Work to be completed:
Working from the data below, write out exactly the lines from its first through the line that contains "豫北電機公司制造的YZJ系列", both ends included and pictures omitted.

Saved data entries
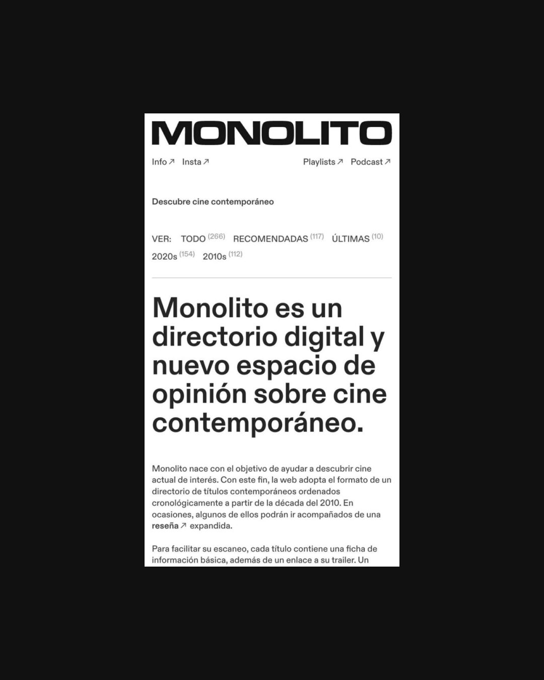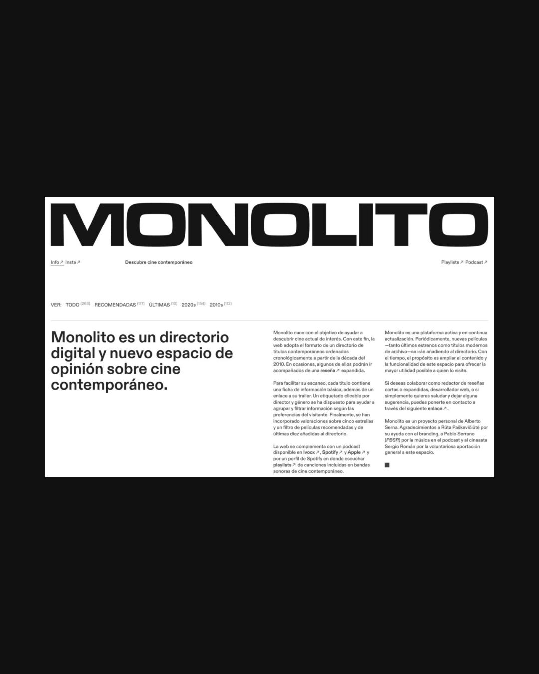 0406 monolitomag.com Blog, Big Images, Big Title, Clean, Grid, Large Scale, Light, Black, White, Spain. Design: Alberto Serna. Development: Alberto Serna. (28-02-2022) ←Close
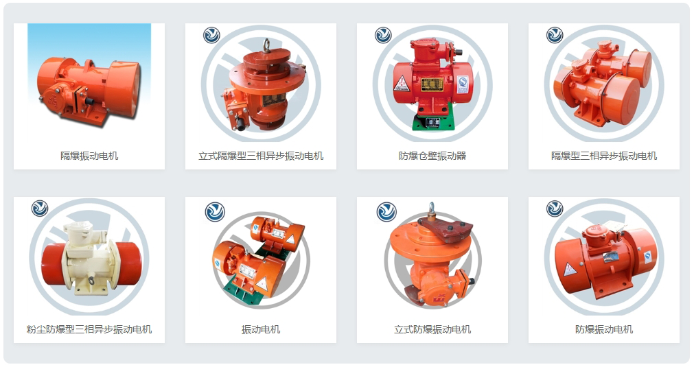 豫北電機公司制造的YZJ系列普通型三相異步振動電機、YBZJ系列隔爆型三相異步振動電機和粉塵防爆型三相異步振動電機、YBZL系列立式隔爆型三相異步振動電機和防爆倉壁振動器分別使用在防爆和非防爆要求的振動機械方面,已廣泛用于煤炭、化工、電力、建材、礦山、冶金、鑄造、石油、糧食等行業,是給料機、振動篩、脫水篩、落料機、輸送機、放礦機,料倉防閉塞裝置等振動機械的激振源。安陽豫北電機有限公司產品具有外型美觀、噪聲低、振動小、運行安全等特點,本公司經過考核認證已取得《防爆合格證》、國家質檢局頒發的《全國工業產品生產許可證》。
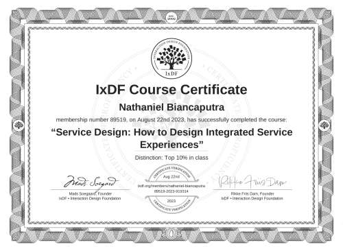 IxDF Course Certificates are awarded to Nathaniel Biancaputra in formal recognition of their coursework surpassing the rigorous benchmarks of exceptional performance established by the IxDF Educational Codex.
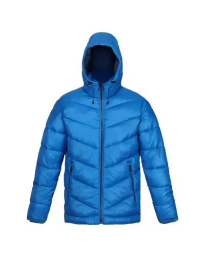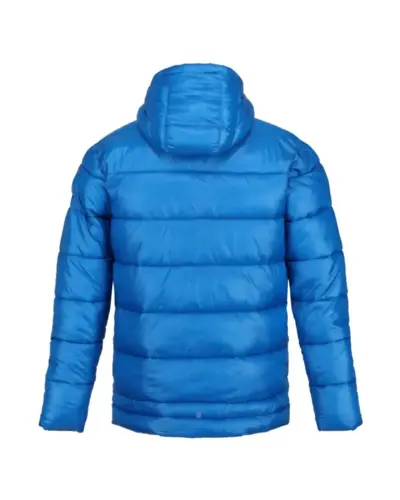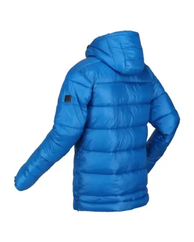 férfi télikabát, Könnyû, 20D poliamid anyag, Tartós víztaszító felület, Poliamid bélés , Újrahasznosított, tollhatású, pehelytapintású töltet, Kb. 18db 500ml-es mûagyag palackból készült, újrahasznosított töltet, Nehéz töltet, Nem-levehető kapucni, párnázott gallérral, Két cipzáros zseb az alján, Rugalmas szélû mandzsetta, Állítható, húzózsinóros alsó szegély
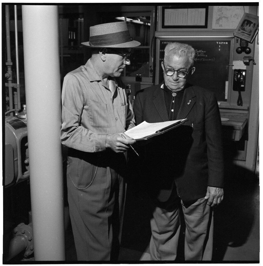 Negative, sheet film. 2.25 x 2.25 b&w. No. 583. Francis X. "Shorty" Diemert. Shorty came to Olympia in 1899 as a crewmember on a sternwheeler. In 1910 he began working for the Olympia brewery until Prohibition, when he had to find other work in the area. When Prohibition was repealed in 1933, Peter G. Schmidt asked Shorty when he could come to work at the new brewery. Shorty answered "Right now." He eventually became, in his words, "chief engineer in one of the finest breweries in the world." No ID on other man.Name/Title
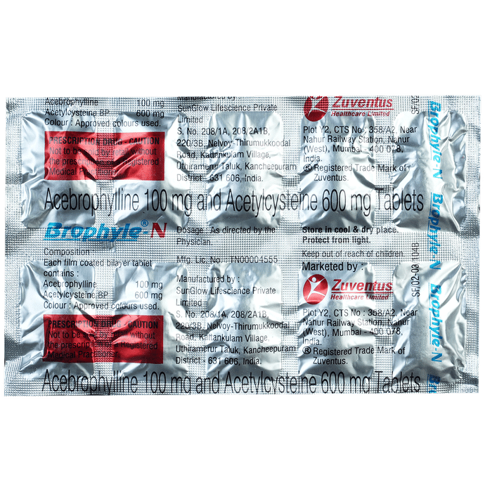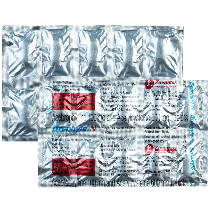 Marketer:Zuventus Healthcare Ltd,Composition:Acebrophylline (100mg) + Acetylcysteine (600mg), medicine_typedrugs,Packaging Detail:strip of 10 tablets, Package:Strip,Qty:10,Product Form:Tablet, prescription_required:Prescription Required,primary_use:
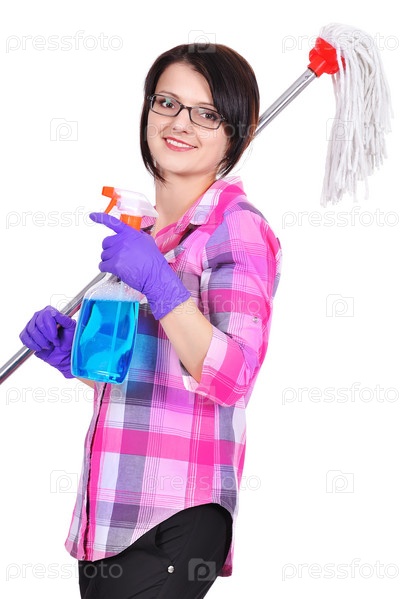 Девушка делает уборку
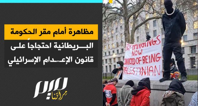 متظاهرون أمام مقر رئاسة الوزراء البريطانية "داونينج ستريت" احتجاجاً على قانون الإعدام الإسرائيلي الجديد بحق الأسرى الفلسطينيين.
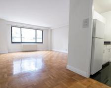 This newly renovated SEMI-ALCOVE STUDIO is perfect. The living space is great for entertaining guests. The separate kitchen has an abundance of counter space, custom-finished cabinets, and beautiful appliances.
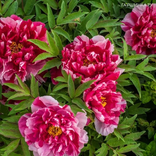 Пион Инь и Янь древовидный многоцветный - цветок диаметром 15-16 см, полумахровый, красного, белого или смешанных цветов. Все три варианта окраски могут быть одновременно на одном растении. Лепестки вогнутые. Листва зелёная, слегка бронзоватая. Забавный сорт, который каждый год дарит очаровательный сюрприз.
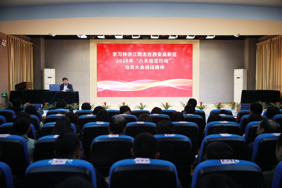 随后,全体与会人员共同学习了高新区党工委书记钟洪江在 2018年“八大攻坚行动”动员大会中的讲话精神。钟洪江书记从“在明辨形势中,抓落实、干到底;在突出重点中,抓落实、干到底;在提能增效中,抓落实、干到底”三个方面,对照分析、指明方向、提出要求。希望高新区全体员工在“八大攻坚行动”的奋力落实中,在“追赶超越、进位争先”的奋斗过程中,以“干就干最好、干就干第一”的标准,在追赶超越的路上,重整行装再出发,艰苦创业再奋斗,续写高新区的新篇章!
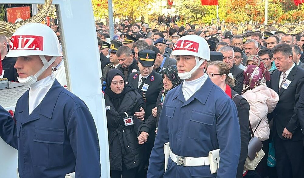 Şehit Hava Uçak Bakım Astsubay Üstçavuş İlhan Ongan, Bilecik’te son yolculuğuna uğurlandı. Şehidin kız kardeşi ağabeyinin kamuflajını giyerek cenazeye katıldı. Fotoğraf: Oğuzhan KILIÇ / Bilecik, (DHA)

Answer to this problem:
 0406 monolitomag.com Blog, Big Images, Big Title, Clean, Grid, Large Scale, Light, Black, White, Spain. Design: Alberto Serna. Development: Alberto Serna. (28-02-2022) ←Close
 豫北電機公司制造的YZJ系列普通型三相異步振動電機、YBZJ系列隔爆型三相異步振動電機和粉塵防爆型三相異步振動電機、YBZL系列立式隔爆型三相異步振動電機和防爆倉壁振動器分別使用在防爆和非防爆要求的振動機械方面,已廣泛用于煤炭、化工、電力、建材、礦山、冶金、鑄造、石油、糧食等行業,是給料機、振動篩、脫水篩、落料機、輸送機、放礦機,料倉防閉塞裝置等振動機械的激振源。安陽豫北電機有限公司產品具有外型美觀、噪聲低、振動小、運行安全等特點,本公司經過考核認證已取得《防爆合格證》、國家質檢局頒發的《全國工業產品生產許可證》。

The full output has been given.